Let me tell you where this all started…

It all began with a shitty Val Kilmer movie

Red Planet movie poster

When I was in middle school, I saw Red Planet one night. The movie was entertaining enough - but one plot detail it contained stuck with me for years as a fascinating possibility.

In the movie, scientists had begun the process of “terraforming” Mars - the word “terraform” literally means “to shape something in Earth’s image.”

Terraforming is a process by which you take a satellite like a planet, moon, or asteroid and reshape its environment to mirror Earth’s.
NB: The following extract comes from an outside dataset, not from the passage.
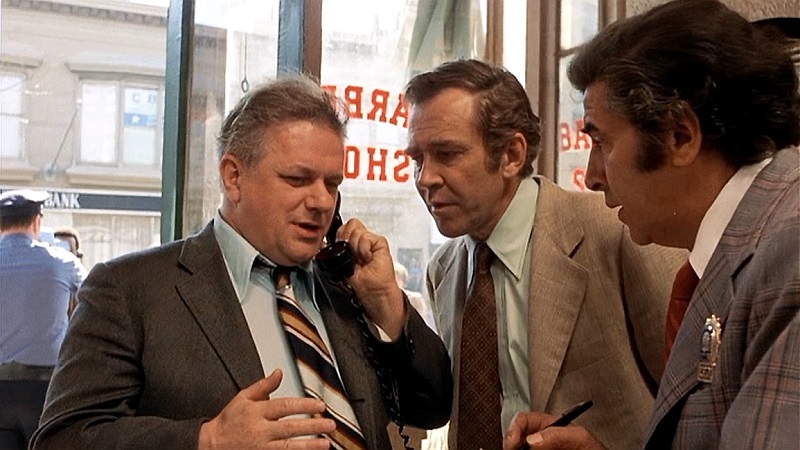 E’ isterico. Nevrotico. Esplode, come se fosse consapevole dell’unica occasione per farlo, come se in quella situazione estrema si senta finalmente libero di essere se stesso. Privo di menzogne e compromessi. Privo di ogni dovere, slegato da leggi sociali, è un cane libero. Ogni qual volta che deve uscire per parlare col poliziotto municipale (capo delle contrattazioni), il Signor Moretti (Charles Durning), è un motivo in più per fare un suo show. Osannato dal pubblico appostato per l’evento, in scatti fuori controllo e privi di ogni razionalità grida il proprio sdegno per la società americana e per ciò che ne sta diventando (da ricordare senza se e senza ma il momento in cui grida “ATTICA”, in riferimento alla rivolta carceraria nell’omonimo carcere organizzata dalle Pantere Nere dopo l’uccisione dell’attivista politico George Jackson).

Create a breathable atmosphere, sources of water, human-livable temperatures, Earth-like weather, and so forth where there was none before.

It’s a powerful idea that’s been around in science fiction for a long time, but the way it was done in Red Planet fully captured my imagination so completely that it’s stuck around for years.
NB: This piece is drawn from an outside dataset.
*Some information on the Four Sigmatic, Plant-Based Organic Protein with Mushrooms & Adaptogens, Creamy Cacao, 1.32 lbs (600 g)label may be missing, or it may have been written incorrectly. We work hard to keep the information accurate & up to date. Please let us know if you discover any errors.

Scientists bioengineered species of algae that could sustain themselves on the materials found on Mars’ surface to gradually produce breathable atmosphere over time, and the algae was bred to evolve with the planet as the atmosphere began to form. Rather than inventing massive terraforming machines that used traditional 20th century approaches to produce something (chemical input + combustion / electricity = results) - the Red Planet writers exposed me to an entirely new possibility: design a simple organism that could use nature itself to achieve this goal without any further input from humans.

This idea gave me a profound new sense of possibility for myself and mankind.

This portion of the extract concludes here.